II. Au cours de la même séance, Richard avait exprimé à travers son dessin de l’empire-étoile de mer, son intériorisation de la mère, de moi-même et de tout le monde ; en fait, le pourtour rouge représentait le mécanisme d’identification projective (cf. Notes sur quelques mécanismes schizoïdes78). La partie vorace de lui-même – l’étoile de mer – avait envahi la mère ; et les sentiments de culpabilité, les angoisses de Richard se rapportaient à la souffrance de sa mère, souffrance causée, d’une part, par son intrusion à lui, d’autre part par le mauvais père qui s’était rendu maître de son intérieur et lui faisait mal.

Selon moi, les mécanismes d’intériorisation et d’identification projective sont complémentaires et interviennent dès le début de la vie postnatale ; ils déterminent en grande partie les relations d’objet. L’enfant peut avoir l’impression d’avoir introduit sa mère en lui avec tous les objets qu’elle contient elle-même ; il peut également avoir l’impression que le sujet, qui est à l’intérieur d’une autre personne, est accompagné de ses objets (et de ses relations à ceux-ci). Je pense qu’un examen plus approfondi des vicissitudes des relations d’objets intériorisés, qui sont liées à chaque stade aux mécanismes de projection, devrait nous amener à une vision plus claire du développement de la personnalité et des relations d’objets.


75 Il est intéressant de remarquer qu’en même temps que les modifications indiquées dans la Note II à la fin de la Vingt-troisième séance, soit intervenue chez Richard une résistance qui se manifestait par son retard.
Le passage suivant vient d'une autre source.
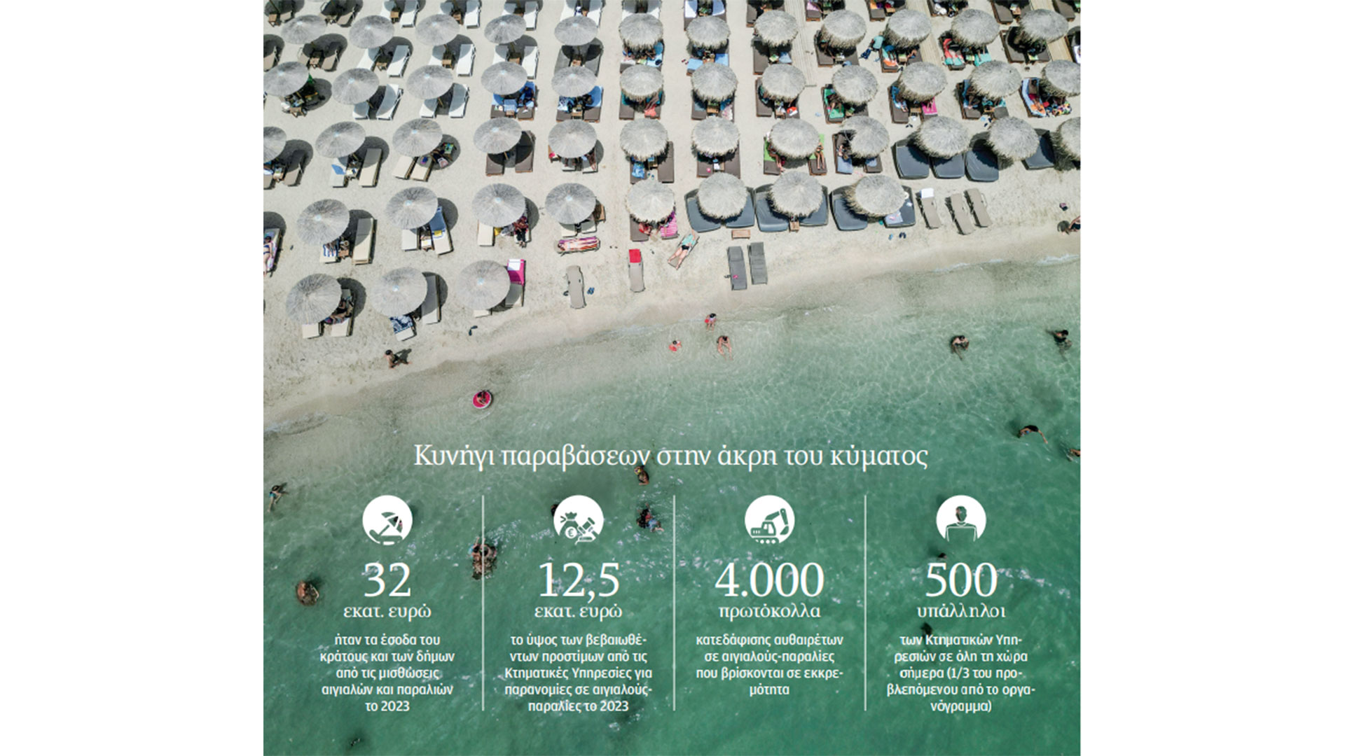 «Κάναμε ό,τι καλύτερο μπορούσαμε. Ανακαλέσαμε άδειες υπαλλήλων, ενισχύσαμε τις πιο κρίσιμες υπηρεσίες όπως των Κυκλάδων και της Χαλκιδικής με υπαλλήλους από άλλες, αρχίσαμε συστηματικές αυτοψίες και οι υπάλληλοι των κτηματικών υπηρεσιών ανταποκρίθηκαν στο μέγιστο δυνατό. Σε λιγότερο από δύο μήνες διενεργήσαμε 4.500 ελέγχους και καταγράψαμε 1.750 παραβάσεις. Τα έσοδα από τις παραχωρήσεις αιγιαλών για το κράτος και τους δήμους το 2023 ήταν περίπου 32 εκατ. ευρώ και τα πρόστιμα που έχουν βεβαιωθεί μέχρι στιγμής φθάνουν περίπου τα 12,5 εκατ. ευρώ – και δεν έχουμε τελειώσει», λέει η κ. Κόλλια. «Υπάρχουν όμως και προβλήματα που κάποιος δεν τα φαντάζεται. Για παράδειγμα, οι υπάλληλοι των κτηματικών υπηρεσιών δεν νομιμοποιούνται να διενεργούν αυτοψίες τα Σαββατοκύριακα, γιατί η εργασία τους είναι πενθήμερη και όχι επταήμερη, όπως των ενστόλων. Υπάρχει ο αστάθμητος παράγοντας των δήμων, που δεν έχουν μεν άμεση αρμοδιότητα, αλλά οφείλουν να ελέγχουν τις παραχωρήσεις και να ενημερώνουν τις κτηματικές υπηρεσίες να ανακαλούν άδειες σε παρανομούντες και να απομακρύνουν τα παράνομα ομπρελοκαθίσματα εφόσον τους ζητηθεί από τις κτηματικές. Αν ένας δήμος δεν μπορεί ή δεν θέλει, εμείς δεν έχουμε τρόπο να τον υποχρεώσουμε. Υπάρχουν και τα ζητήματα των “αυτοφωράκηδων”, των μπράβων που απειλούν τους υπαλλήλους μας, των Αποκεντρωμένων Διοικήσεων που δεν έχουν διενεργήσει κατεδαφίσεις για πολλούς λόγους και ένα σωρό “τρύπες” στο σύστημα, τις οποίες θα προσπαθήσουμε να κλείσουμε».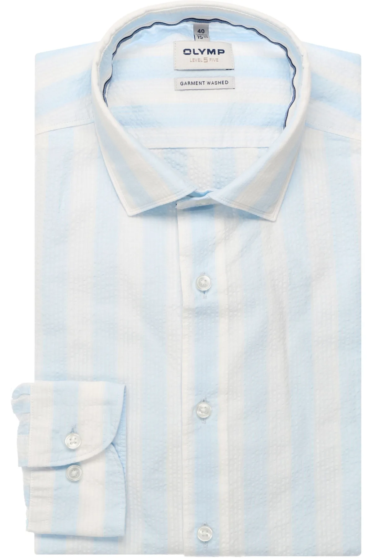 - Bij Overhemden.com kun je OLYMP Level Five Garment Washed Overhemd lichtblauw, Gestreept kopen voor slechts €84,95

Le fait qu’il ait par ailleurs couru tout le long du chemin montre qu’existait également chez lui le sentiment inverse.

76 J’ai déjà souligné que Richard était capable d’émettre une grande variété de sons expressifs pouvant décrire toute une gamme d’émotions. Il accompagnait ainsi les bateaux, quand il jouait, le ballon qui rebondissait et les crayons qu’il faisait avancer. On avait parfois l’impression que ces sons venaient du plus profond de son corps.

77 À partir de cette séance, le noir représenta son père, le bleu clair sa mère (et Mme K.) et le rouge, lui-même.

78 In. Développements de la psychanalyse, P.U.F., Paris, 1966.